World War 2 ended in 1945. It took 43 years to pay down that debt and be able to reduce tax rates! The future looks scary. I believe this makes the case for investing in Roth IRA and Roth 401K instead of traditional IRA and 401K. Rates are definitely going up.
http://www.taxfoundation.org/publications/show/151.html
Last 3 posts by Jason
- You Can't Make This Stuff Up - February 19th, 2010
- Washington Gridlock - February 11th, 2010
- I Guess I'm Not the Only One Who Thought This - January 28th, 2010


I know your post covered a long period of time in which there were a myriad of varying economic circumstances, but I was curious if the sources you researched had any insight to whether the eventual decrease in taxes had more to do with greater tax revenues via economic booms or a decrease in government spending?
Not to be a harbringer of doom, but do you think there is any likelihood that there would ever be a tax change that removes the benefits of Roth IRAs? (begin taxing the earnings) I mean, if the “populist cries” grow loud enough, couldn’t this be pegged as another loophole?

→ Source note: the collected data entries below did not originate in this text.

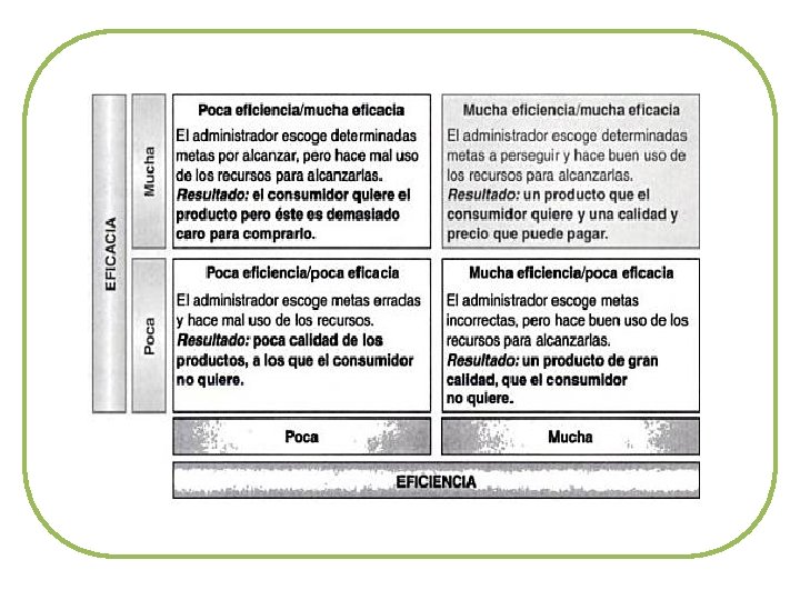 Administración del Siglo XXI Eficiencia *Hincapié en los Medios. *Realización de tareas. *Resolución de Problemas. *Capacitación de Ejecutivos. Eficacia *Hincapié en los Resultados. *Consecución de los Objetivos. *Acierto en la Solución de los Problemas. *Operaciones realizadas.
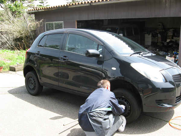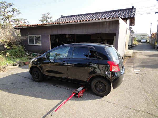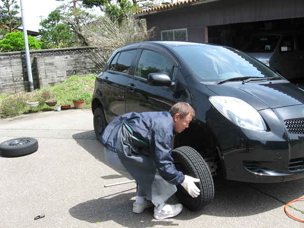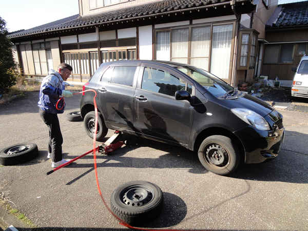 毎年 F 君の自宅の庭で、今年は早めにタイヤ交換をしてもらいました。
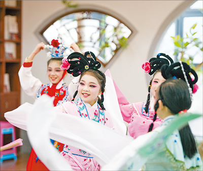 12月14日,武漢長春街小學的小朋友在戲曲課上練習。 肖藝九攝

I think there is some ex-post facto law that basically says you can’t change the rules after the game has started. I think that’s why there was some constitutional considerations that wouldn’t have allowed Congress to raise taxes on bonuses already paid. There is risk of getting rid of the Roth exemption on a go forward basis, but I think any money you put in while the law is there, would not be taxable in the future.